# Task requirements:
Return the data verbatim, without pictures.

# Data:
▬▬▬▬▬▬▬▬▬▬
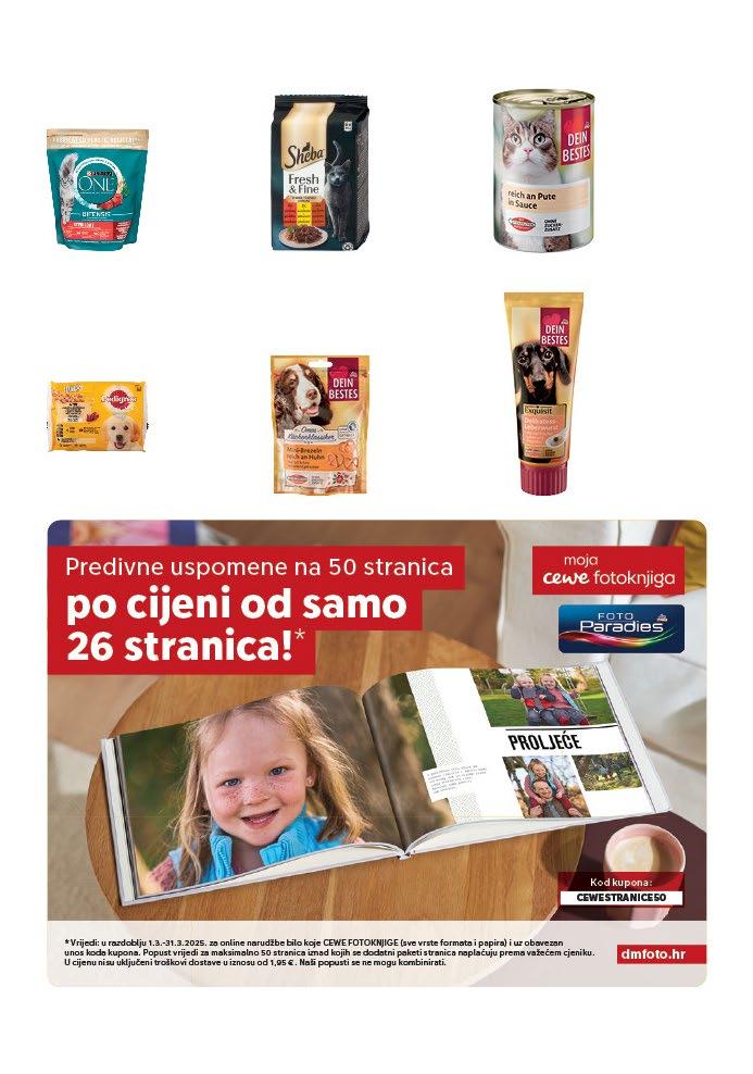 * Ponuda vrijedi od 1.3. do 30.4.2025. Ne odnosi se na kupnju dm darovnih kartica, bonova za mobitel, povratnu naknadu za ambalažu s jednokratnom upotrebom te početne i specijalne dojenačke formule.
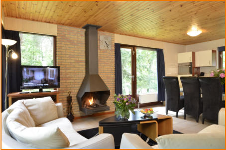 6 persoons bungalow met: grote woonkamer met luxe inrichting, open haard, sat.tv, modern ingerichte keuken voorzien van combi magnetron en afwasmachine, hal, douchecel, aparte toiletruimte, 3 royale slaapkamers waarvan 1 slaapkamer voorzien van een extra tv en zonneterras met terrasmeubilair.
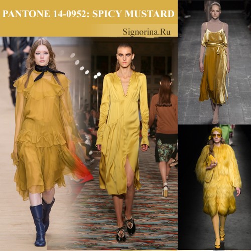 Однажды гениальный художник, чьё имя кануло в Лету, взял жёлтые краски, добавил в них немного горчичного тона и щепотку терракоты, в результате чего мир узнал об оттенке Spicy Mustard. Этот одновременно яркий и сдержанный тон обволакивает нас пряным запахом восточных специй, делая образ удивительно таинственным и притягательным. Согласно прогнозам модных экспертов, оттенок Spicy Mustard станет главным цветом грядущего сезона, т.к. он одинаково гармонично смотрится на любых фактурах и в любых исполнениях.
▬▬▬▬▬▬▬▬▬▬
# Your solution:
 * Ponuda vrijedi od 1.3. do 30.4.2025. Ne odnosi se na kupnju dm darovnih kartica, bonova za mobitel, povratnu naknadu za ambalažu s jednokratnom upotrebom te početne i specijalne dojenačke formule.
 6 persoons bungalow met: grote woonkamer met luxe inrichting, open haard, sat.tv, modern ingerichte keuken voorzien van combi magnetron en afwasmachine, hal, douchecel, aparte toiletruimte, 3 royale slaapkamers waarvan 1 slaapkamer voorzien van een extra tv en zonneterras met terrasmeubilair.
 Однажды гениальный художник, чьё имя кануло в Лету, взял жёлтые краски, добавил в них немного горчичного тона и щепотку терракоты, в результате чего мир узнал об оттенке Spicy Mustard. Этот одновременно яркий и сдержанный тон обволакивает нас пряным запахом восточных специй, делая образ удивительно таинственным и притягательным. Согласно прогнозам модных экспертов, оттенок Spicy Mustard станет главным цветом грядущего сезона, т.к. он одинаково гармонично смотрится на любых фактурах и в любых исполнениях.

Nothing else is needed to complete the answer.